The times, they really are a-changing

In a compelling session at the Natural Products Live talks (part of Natural & Organic Products Europe), organic food pioneer Craig Sams announced the shocking news that World War III was upon us.

But this was a world war we should all welcome, said Sams – this was a world war against climate change, which, he argued, was now the biggest single threat to humankind.

Sams argued that “from a historical perspective things have changed dramatically in the past few years”. The wind was now “in the sails of the environment movement”.

From carbon accounting to soil rehab to the great GMO backlash, the end of financial crime to the end-game for antibiotics and pesticides, the rise of vegetarianism to the freedom to use preventative natural medicine – the times they were indeed a-changing.

One big driver of change would come with mandatory carbon accounting, due to start later this year – this would mean companies would have to file a carbon report with their annual business returns. But  carbon reporting would be just the first step, said Sams – next would come taxation, with a minimum carbon price. It’s a trend, he said, that can be seen across the world – witness new carbon taxes in Australia and California and a string of new carbon exchanges in China – and it’s creating a commercial market in which un-engaged companies and countries would be quickly marginalised.

Soil and forest ‘rehab’ was being taken seriously – and happening. And organic farming (which used half the fossil fuel of industrial farming) and forestry were firmly on the ascendency in the new carbon-linked economy which “will change the way people farm”.

The financial crash of 2007 had exposed disastrous fault-lines in the global banking system and led to root and branch reform. For the first time corporate criminals, not just illegal loggers, were being jailed – there was the real prospect that financial crime could be stopped.

There was growing recognition around the world that pesticides and antibiotics were dramatically losing their effectiveness. “People are waking up to the fact that killing things doesn’t work,” said Sams. Farmers (fruit farmers in particular) were switching to organic methods as they ran out of effective pesticides; conventional medicine had no other curative tools left to use. The true role for natural health approaches would soon be recognised, and temporary obstacles in its way – THMPD, FSD etc – removed out of sheer necessity.

Vegetarianism was on the rise too, said Sams. A largely plant-based diet was the very simple solution to the global health crisis – and the quickest way to rescue a plundered planet. And Bill Gates recently called for a move to vegetarian alternatives.  A citizen-led backlash against GMOs was gathering real momentum around world, and, perhaps most significantly, in America – “where GM labelling will eventually prevail”. Bans on GM planting and imports were being imposed in India, South America, Kenya, Australasia and parts of Europe. On top of this, Sams argued, “genomics can breed better plants than genetic modification – Roundup’s days are numbered.”

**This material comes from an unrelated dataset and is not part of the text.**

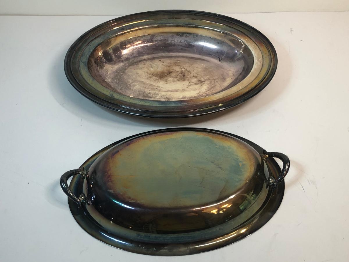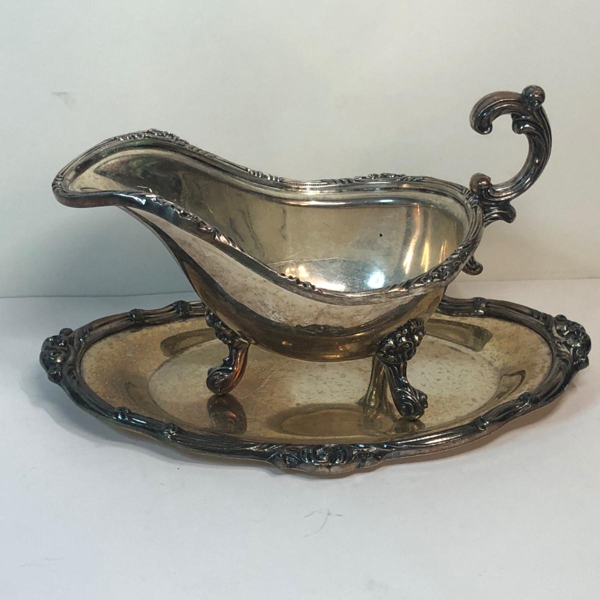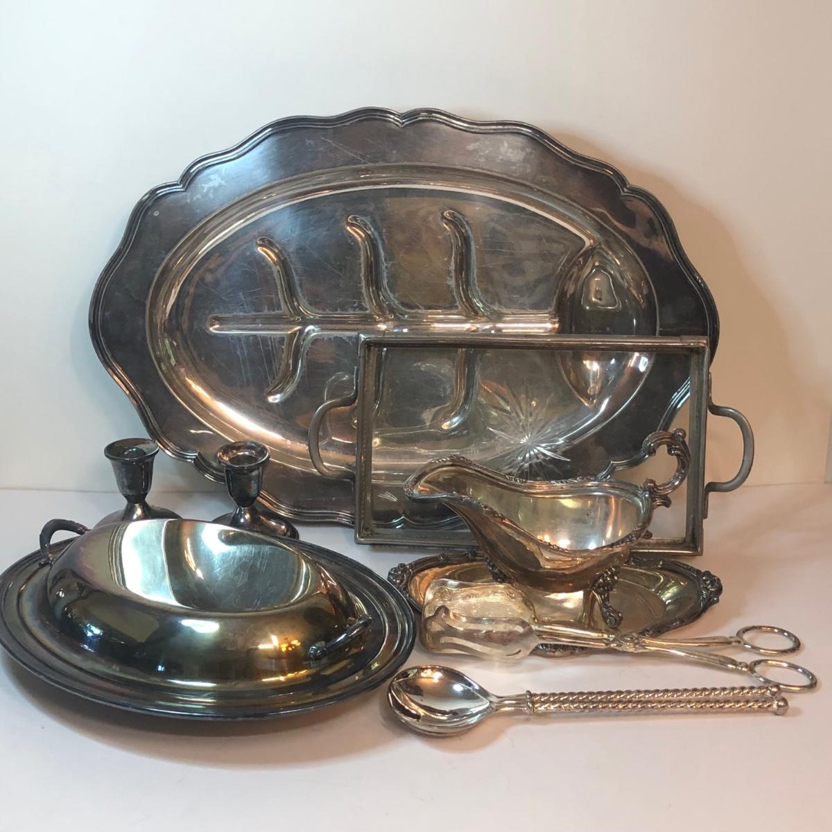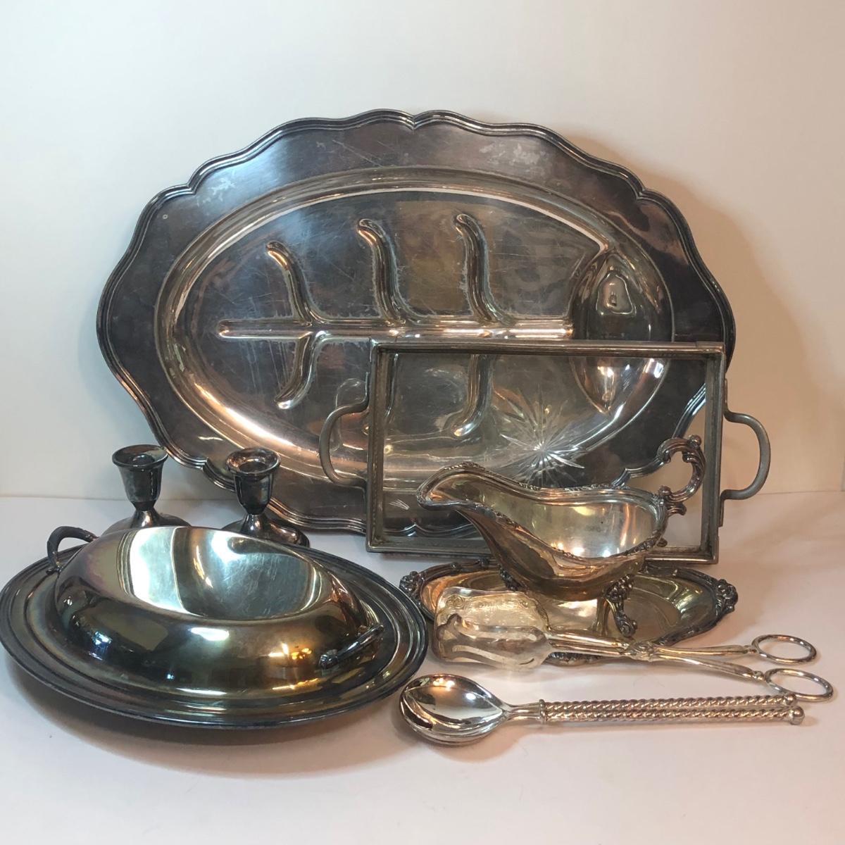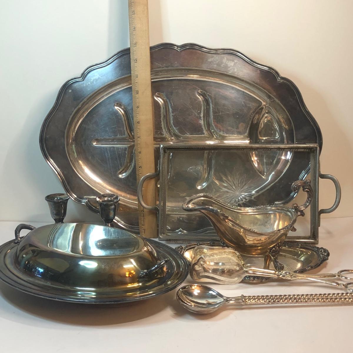 LOT 181M: Silverplate Serving Collection - Sheffield Meat Tray, Towle Candlesticks, Glass Bottom Tray, Gravy Boat w/ Dish, Lidded Concord Serving Dish

“Sams contrasted the the corporate dinosaurs in the arms industry and pharmaceuticals – “decadent, parasitical, dependent on government handouts” – with what he called businesses in the real word which were “changing, moving towards a sustainable business model”

Sams contrasted the the corporate dinosaurs in the arms industry and pharmaceuticals – “decadent, parasitical, dependent on government handouts” – with what he called businesses in the real word which were “changing, moving towards a sustainable business model”. This was partly the result of shareholder pressure but mostly common sense. “Business works best in an environment where the rule of law applies, nobody is bombing your factory or your customers and where the resources that feed your business are sustainable.”

In the new world war – against global warming – the front line troops would be organic farmers, foresters, honest business people and vegetarians. “This industry,” said Sams, “is on the winning side – we have worked to get to this place for decades and now victory is in the horizon”.